---- Provided information

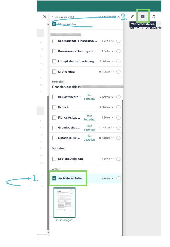 4. Wie kann ich Unterlagen archivieren und wiederherstellen.
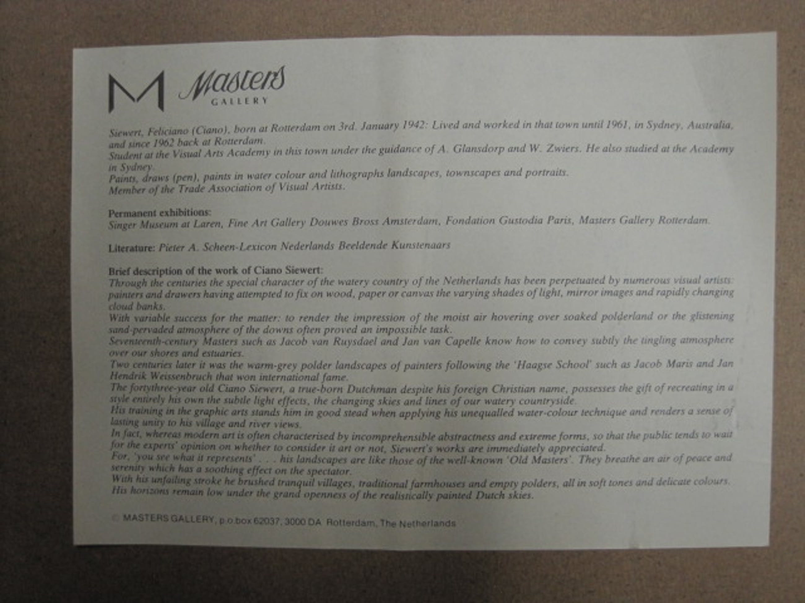 Ciano Siewert's werk valt op door de typisch Hollandse helderheid en virtuoze techniek waarmee hij zijn landschappen, stads- en havengezichten uitwerkt. Zijn fascinatie gaat uit naar zowel het oude als het nieuwe, waarbij het vooral gaat om de vorm van het onderwerp. Industriële vormen, de architectuur van huizen, gebouwen en schepen blijven hem boeien.
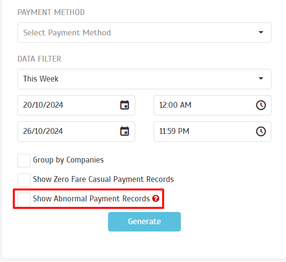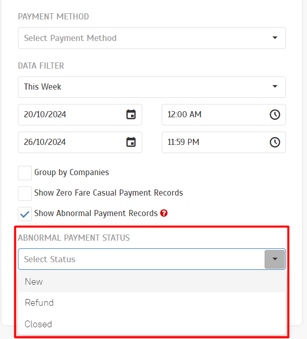 | We introduced a new filter to the Payment Transaction Listing report, enabling operators to easily identify and review abnormal transactions. This filter allows operators to: • Quickly Identify Unusual Activity: Pinpoint transactions that deviate from normal patterns or exhibit suspicious behavior. • Conduct Thorough Investigations: Analyze flagged transactions to determine the root cause of the abnormality. • Prevent Fraud and Loss: Take proactive measures to mitigate risks and protect the business. By providing a targeted view of abnormal transactions, we empower operators to maintain the financial security and integrity. |
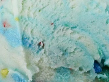 Sweet birthday cake-flavored ice cream with swirls of blue frosting and bursts of colorful confetti sprinkles.
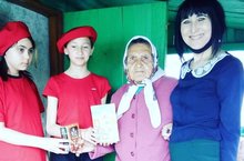 Юнармейцы ходили поздравить ветерана тыла с Днем Победы.
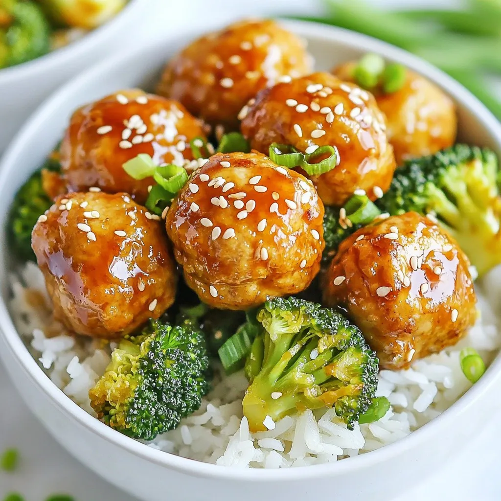 Serving is just as important as cooking. Use bright bowls to make the dish pop. Layer the rice, meatballs, and broccoli neatly. Drizzle extra teriyaki sauce on top for flair. Finish with a sprinkle of sesame seeds and more green onions. You can also add a lime wedge on the side for a fresh touch. This makes the meal look fun and inviting!

--------

> Exercise objective
Can the lines from the start of the records through the line with "Юнармейцы ходили поздравить" be given again exactly, with the pictures left out?

> Written answer
 4. Wie kann ich Unterlagen archivieren und wiederherstellen.
 Ciano Siewert's werk valt op door de typisch Hollandse helderheid en virtuoze techniek waarmee hij zijn landschappen, stads- en havengezichten uitwerkt. Zijn fascinatie gaat uit naar zowel het oude als het nieuwe, waarbij het vooral gaat om de vorm van het onderwerp. Industriële vormen, de architectuur van huizen, gebouwen en schepen blijven hem boeien.
 | We introduced a new filter to the Payment Transaction Listing report, enabling operators to easily identify and review abnormal transactions. This filter allows operators to: • Quickly Identify Unusual Activity: Pinpoint transactions that deviate from normal patterns or exhibit suspicious behavior. • Conduct Thorough Investigations: Analyze flagged transactions to determine the root cause of the abnormality. • Prevent Fraud and Loss: Take proactive measures to mitigate risks and protect the business. By providing a targeted view of abnormal transactions, we empower operators to maintain the financial security and integrity. |
 Sweet birthday cake-flavored ice cream with swirls of blue frosting and bursts of colorful confetti sprinkles.
 Юнармейцы ходили поздравить ветерана тыла с Днем Победы.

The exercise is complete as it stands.